PhD student from the CDT in Digital Health within the Bristol Interaction Group at the University of Bristol. She is working at the intersection of robotics and digital health, with a focus on designing therapeutic technologies. Her research explores how the principles behind horse therapy can inform the development of robots that support individuals through therapeutic processes, particularly those who have experienced trauma. By studying the unique bond formed between humans and horses in therapeutic contexts, Ellen aims to uncover design insights that can help create robots capable of offering meaningful emotional support and companionship.
Professor in the Department of Computer Science at the University of Bristol and a leader in Human-Computer Interaction. She heads the Bristol Interaction Group (BIG) and specializes in shape-changing interfaces. Her recent work includes developing giant inflatable robots designed for intimate human interaction, such as robots you can hug, as well as therapeutic robots inspired by horse therapy. Anne drives a highly multidisciplinary research agenda that challenges traditional boundaries in robotics and interaction design.

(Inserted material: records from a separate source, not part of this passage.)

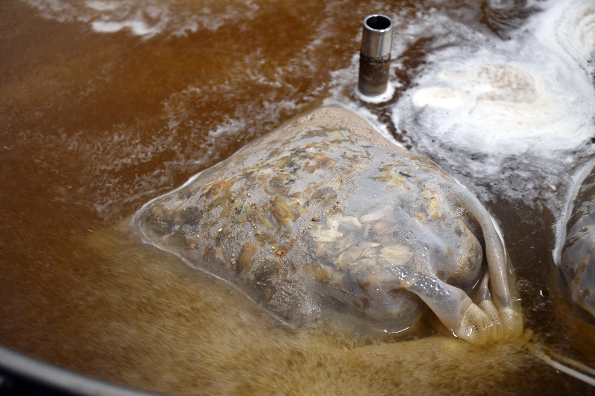 Det är i Olofstorp lite öster om Göteborg som Per Karlsson har sin verksamhet i ett garage. Tidigare har han köpt in vört till sina båda varumärken, men numera brygger han själv. Cirka 150 liter ska det bli vid varje bryggning.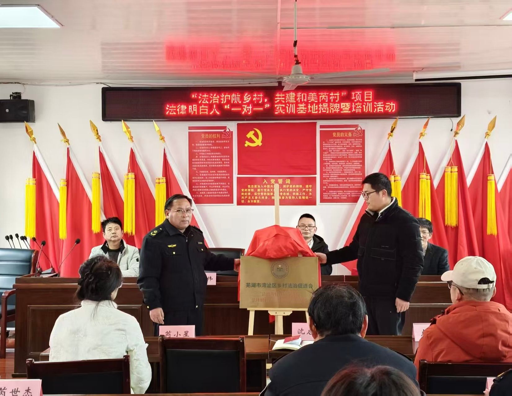 2月25日,英国上市公司365副教授徐本鑫、法学专业研究生代表朱思雨、李婷、陈景洋一行受邀赴芜湖市陶辛镇芮村,与芜湖市湾沚区乡村法治促进会合作开展“法治护航乡村,共建和美芮村”项目——法律明白人“一对一”实训基地揭牌暨培训活动。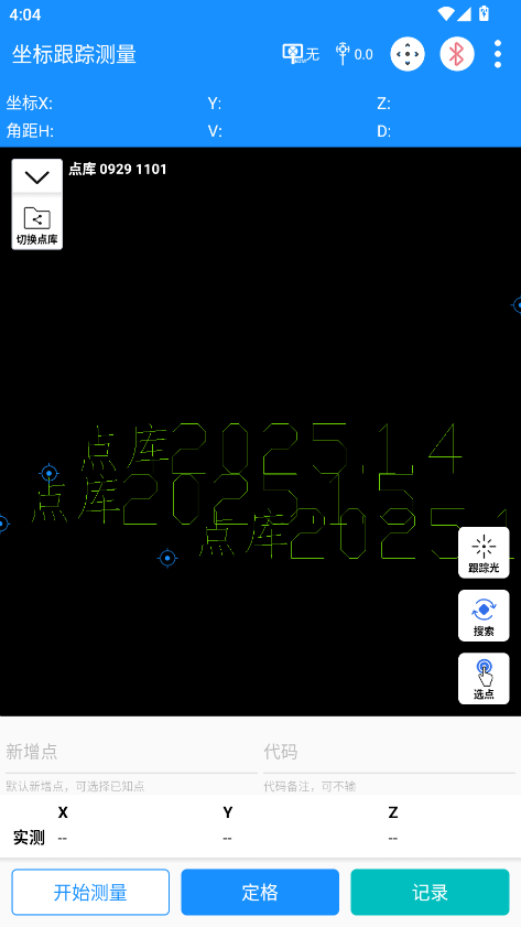 3.点击左侧“切换点库”选择已知点点库,也可新建点库测量新增点;

Postdoctoral Research Fellow at KTH Royal Institute of Technology in Stockholm, Sweden. Her work is driven by a deep curiosity about interfaces, the boundaries between people, within ourselves, and between humans and technology. With expertise in engineering, soft robotics, and shape-changing materials, she has recently begun to incorporate Soma Design methods into her approach, foregrounding the body and lived experience in the design of technologies that interface with the body. Her current projects involve exploring body-based interactions with soft robots, from small on-body wearables to large scale expressive robot creatures.
Assistant Professor at TU Eindhoven, working at the intersection of interaction design, soft robotics, and materials science. Her research explores Material Programming, investigating how programmable and responsive materials such as liquid crystal elastomers, magneto-responsive polymers, and cellulose-based actuators can be integrated into interactive systems that evolve over time and respond reciprocally to human interaction.
Research Associate in Human-Computer Interaction at the University of Bristol. His research focuses on developing soft robotic cross-sensory technologies to support visually impaired children. He explores how material engineering can create new forms of interaction, sensation, and devices that enable more inclusive and multisensory experiences, bridging interactions between disabled and non-disabled users.